Heat transfer enhancement by X-type lattice in ventilated brake disc

We introduce an improved design of the X-type lattice cored ventilated brake disc proposed in a previous study. Several annular sector X-type lattice components are integrated into the ventilated channel. Detailed thermo-fluidic characteristics of this new brake disc are explored by experiments and numerical simulations. Experimental results reveal that the new brake disc exhibits better thermal uniformity than the preliminary X-type brake disc, leading to approximately uniform reduction of rubbing surface temperature relative to a prevalent radial vane brake disc.
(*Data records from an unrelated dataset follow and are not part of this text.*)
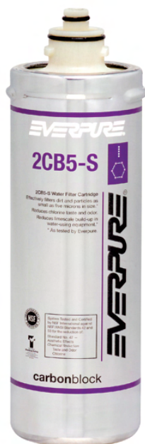
2CB5-S Replacement Cartridge: EV9617-22

Delivers quality water for foodservice, vending and OCS applications
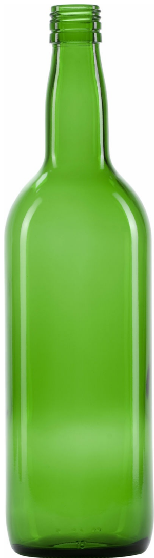
GREEN BEER EMERALD
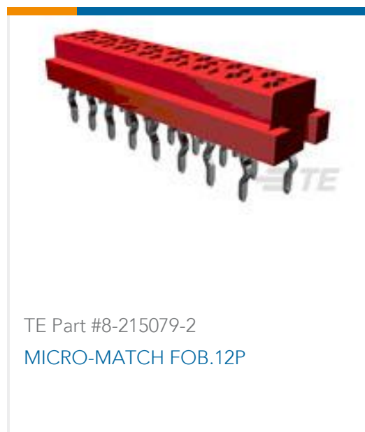
TE Part #8-215079-2 MICRO-MATCH FOB.12P

Within the typical operating range of a passenger vehicle (i.e., 200-1000 RPM), the new brake disc provides 18-21% and 7-17% higher steady-state overall cooling capacity than the radial vane and preliminary X-type brake discs, respectively. Numerical results reveal that replacement of radial vanes by the X-type lattice reduces pumping capacity by approximately 40%, deteriorating therefore local heat transfer on the inner surface, the outer rim surface, the inner rim surface and the rubbing surface of the rubbing discs. However, the unique topology of the X-type lattice results in successive interruption and redevelopment of flow and thermal boundary layers, flow impingement on upstream surface of each ligament, and stronger flow mixing in conjunction with an enlarged core surface area. Hence, heat transfer on core surface is substantially improved, which acts as the dominant mechanism for enhanced overall cooling performance of the new brake disc. (C) 2016 Elsevier Masson SAS. All rights reserved.